*Task to carry out*:
Only the lines from the one containing "中新網(wǎng)4月14日" through the final line below belong in the output, copied exactly and without pictures.

--- Supplied material Enclosed Below ---

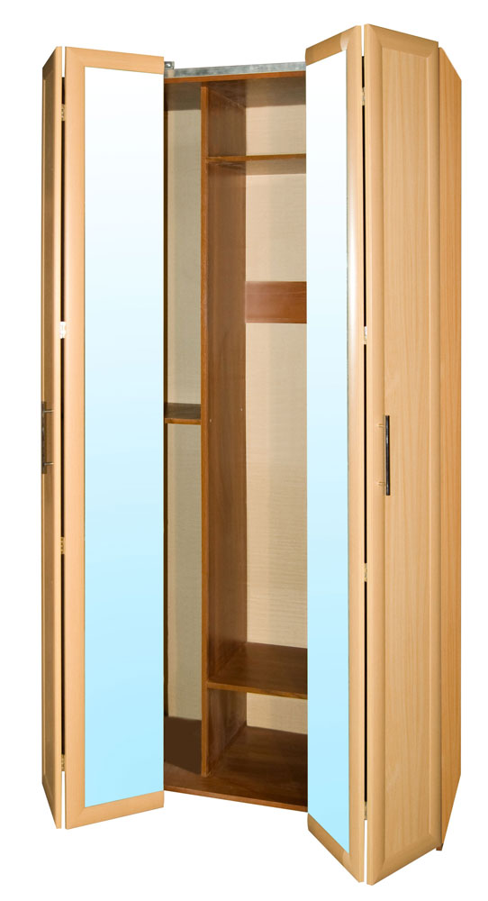 خزانة زاوية مثيرة للاهتمام مع أبواب بمرآة وأرفف مفتوحة
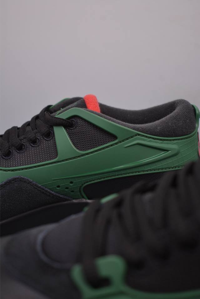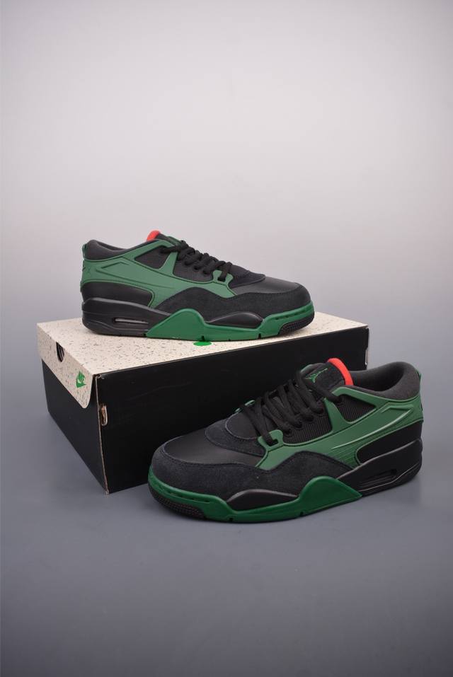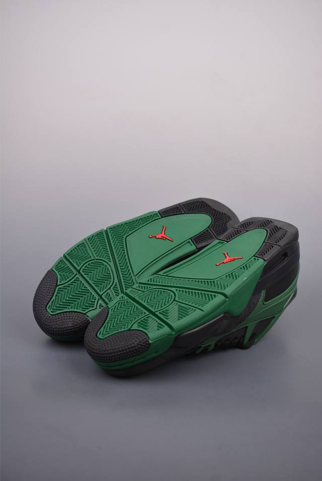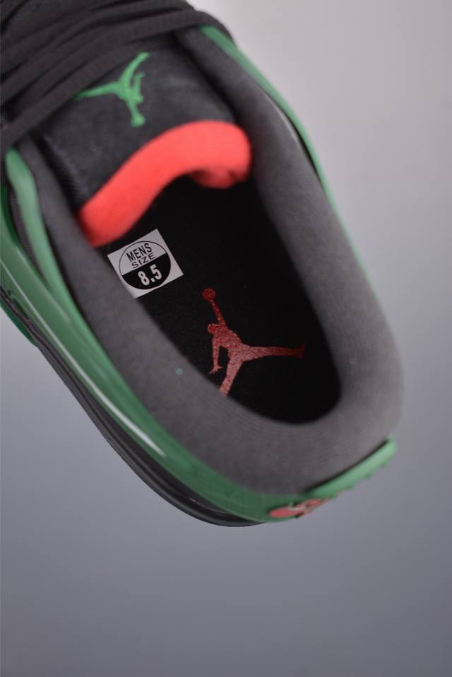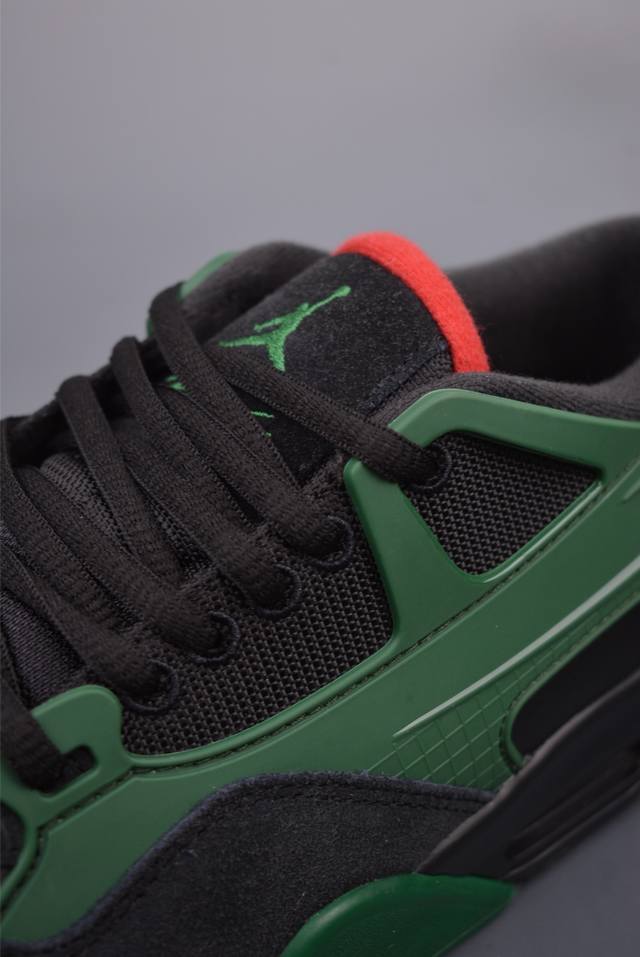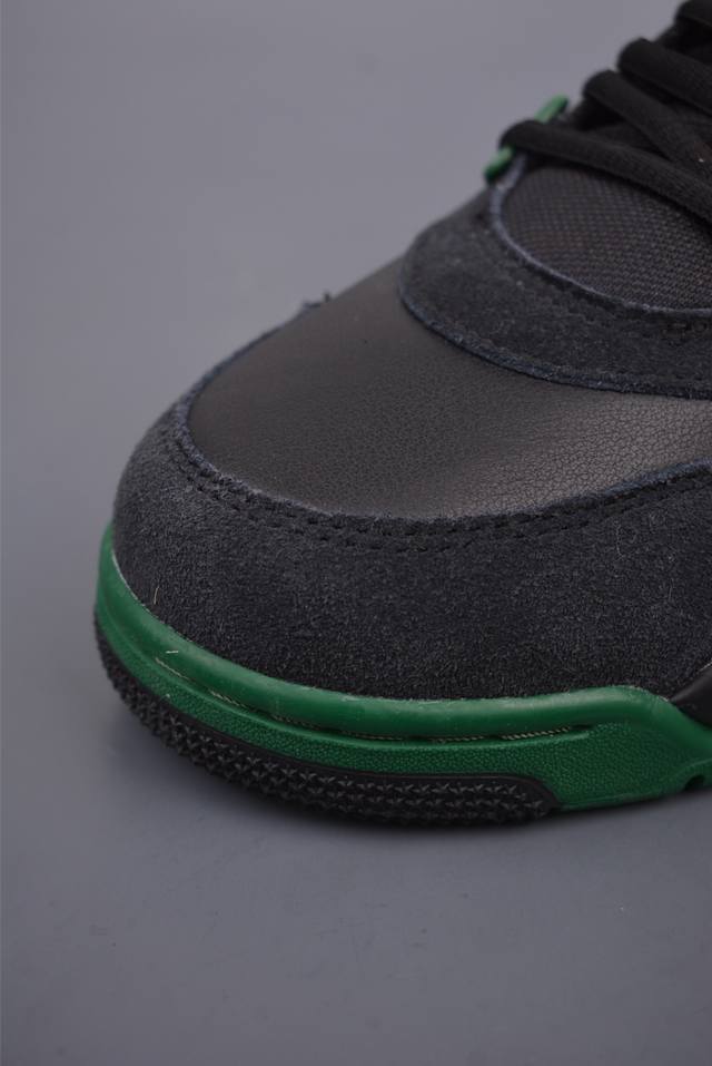 鞋身整体保留了 Air Jordan Iv的大致轮廓 鞋侧的网眼和 Tpu三角支撑设计被取消 鞋款设计上更简约 辅以墨绿色麂皮鞋面
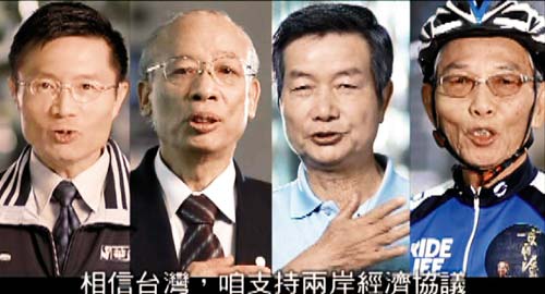 中新網(wǎng)4月14日電 據(jù)臺(tái)灣《聯(lián)合報(bào)》報(bào)道,為了宣傳兩岸經(jīng)濟(jì)合作架構(gòu)協(xié)議(ECFA),臺(tái)“經(jīng)濟(jì)部”請出捷安特自行車創(chuàng)辦人劉金標(biāo)、和友紡織董事長卓欽銘、慶鴻機(jī)電董事長王武雄、福助針織公司(華貴牌絲襪)總經(jīng)理魏平祺等人拍廣告,以“傳產(chǎn)F4”身分擔(dān)任代言人。
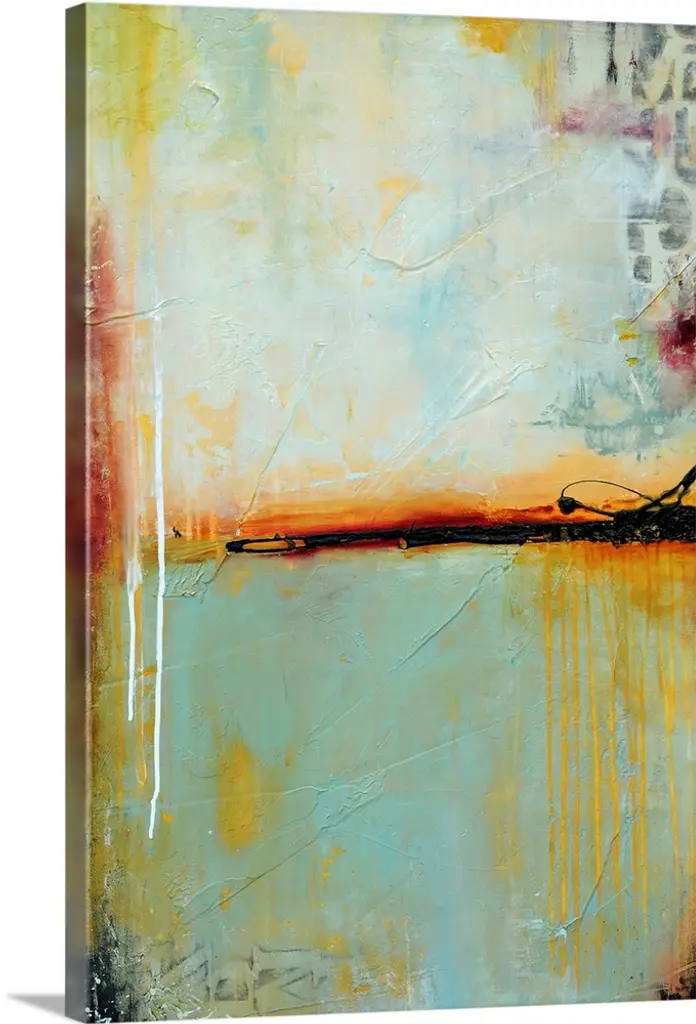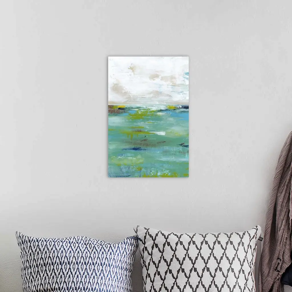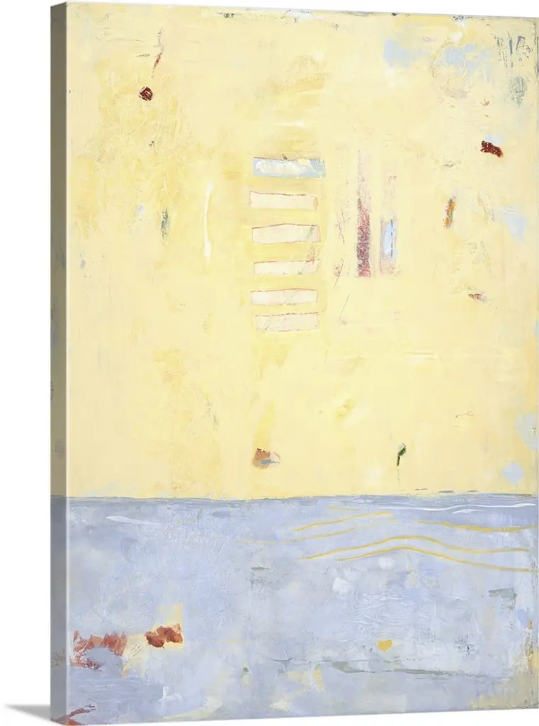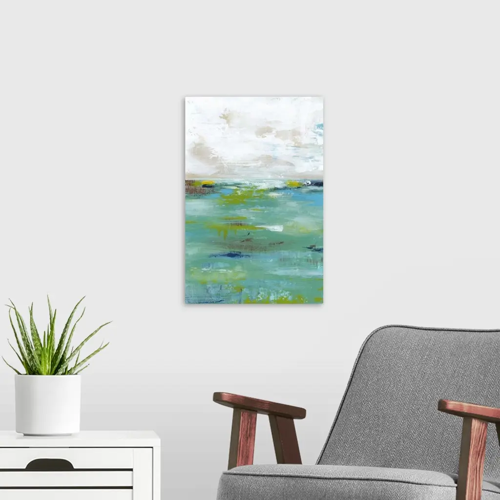Abstract painting resembling a body of water meeting the sky at the horizon.

--- End of Enclosed Supplied material ---

*Exercise solution*:
 中新網(wǎng)4月14日電 據(jù)臺(tái)灣《聯(lián)合報(bào)》報(bào)道,為了宣傳兩岸經(jīng)濟(jì)合作架構(gòu)協(xié)議(ECFA),臺(tái)“經(jīng)濟(jì)部”請出捷安特自行車創(chuàng)辦人劉金標(biāo)、和友紡織董事長卓欽銘、慶鴻機(jī)電董事長王武雄、福助針織公司(華貴牌絲襪)總經(jīng)理魏平祺等人拍廣告,以“傳產(chǎn)F4”身分擔(dān)任代言人。
Abstract painting resembling a body of water meeting the sky at the horizon.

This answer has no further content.